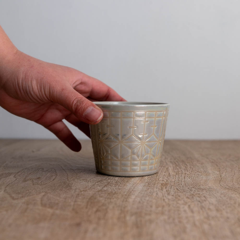 白い器なのに、真っ白ではない。やわらかな白磁の中に、光を受けてふわりと浮かぶメタリックの揺らぎ。障子や組子細工の構造美を思わせる文様が、器の表面に静かな陰影を生み出します。手に取る角度、置く場所、照明によって、表情が少しずつ変わるそば猪口です。
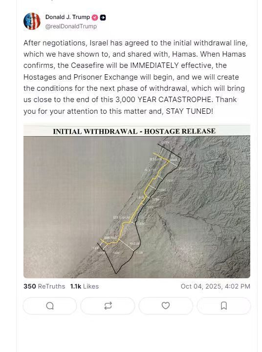 當(dāng)?shù)貢r間10月4日,美國總統(tǒng)特朗普在其社交平臺“真實(shí)社交”發(fā)文稱,以色列已同意加沙地帶初步撤軍路線,并將相關(guān)方案與巴勒斯坦伊斯蘭抵抗運(yùn)動(哈馬斯)共享。一旦哈馬斯確認(rèn),?;饘⒘⒓瓷?/strong>,被扣押人員與囚犯交換隨即啟動。
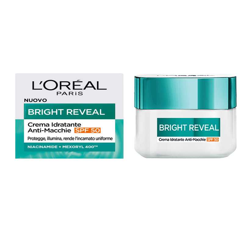 Nuova Crema Idratante Anti-Macchie L'Oréal Paris con Niacinamide e Filtro UV brevettato Mexoryl 400TM. Protegge, illumina e rende l'incarnato uniforme. Scopri l'azione idratante e protettiva della nuova Crema Idratante Anti-Macchie Bright Reveal con SPF 50 di L'Oréal Paris!
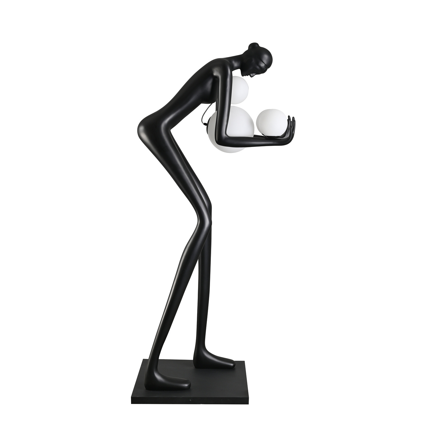 Niezwykle designerska lampa podłogowa WOMAN-2 przedstawiająca schyloną kobietę niosącą cztery mleczne klosze ze szkła.
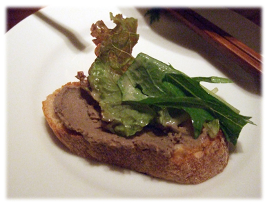 ゴクゴクいけます〜とメニューに書いてあっったので、ラ・ブベットをお願いしました。南フランスのワインですね。付きだしはナスのペーストのクラッカー添え
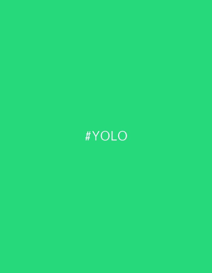 The scene is located in the city of Unknown, Unknown. The image displays a uniform, bright green background. Centered on this green field, the white text "#YOLO" is present in uppercase characters. No people, other subjects, objects, actions, or interactions are discernible within the frame. The environment consists solely of the solid color background and the superimposed text.
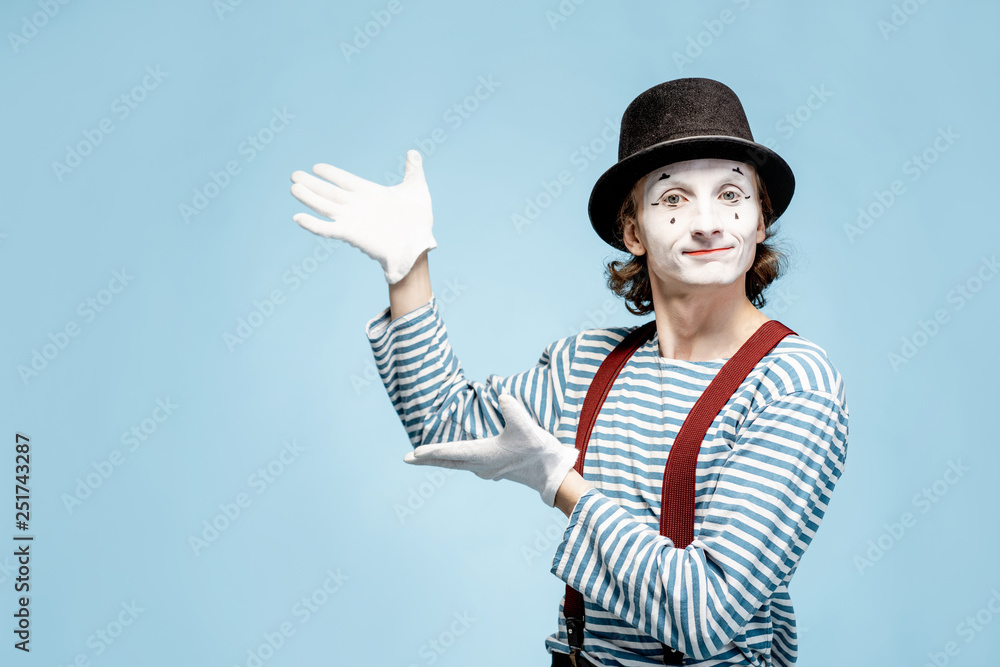 Samolepka Emotional pantomime with white facial makeup showing empty space on the blue bac

——————

- **PROBLEM**
The answer must be the listing above, restated word for word, with no images in it.

- **WRITTEN RESPONSE**
 白い器なのに、真っ白ではない。やわらかな白磁の中に、光を受けてふわりと浮かぶメタリックの揺らぎ。障子や組子細工の構造美を思わせる文様が、器の表面に静かな陰影を生み出します。手に取る角度、置く場所、照明によって、表情が少しずつ変わるそば猪口です。
 當(dāng)?shù)貢r間10月4日,美國總統(tǒng)特朗普在其社交平臺“真實(shí)社交”發(fā)文稱,以色列已同意加沙地帶初步撤軍路線,并將相關(guān)方案與巴勒斯坦伊斯蘭抵抗運(yùn)動(哈馬斯)共享。一旦哈馬斯確認(rèn),?;饘⒘⒓瓷?/strong>,被扣押人員與囚犯交換隨即啟動。
 Nuova Crema Idratante Anti-Macchie L'Oréal Paris con Niacinamide e Filtro UV brevettato Mexoryl 400TM. Protegge, illumina e rende l'incarnato uniforme. Scopri l'azione idratante e protettiva della nuova Crema Idratante Anti-Macchie Bright Reveal con SPF 50 di L'Oréal Paris!
 Niezwykle designerska lampa podłogowa WOMAN-2 przedstawiająca schyloną kobietę niosącą cztery mleczne klosze ze szkła.
 ゴクゴクいけます〜とメニューに書いてあっったので、ラ・ブベットをお願いしました。南フランスのワインですね。付きだしはナスのペーストのクラッカー添え
 The scene is located in the city of Unknown, Unknown. The image displays a uniform, bright green background. Centered on this green field, the white text "#YOLO" is present in uppercase characters. No people, other subjects, objects, actions, or interactions are discernible within the frame. The environment consists solely of the solid color background and the superimposed text.
 Samolepka Emotional pantomime with white facial makeup showing empty space on the blue bac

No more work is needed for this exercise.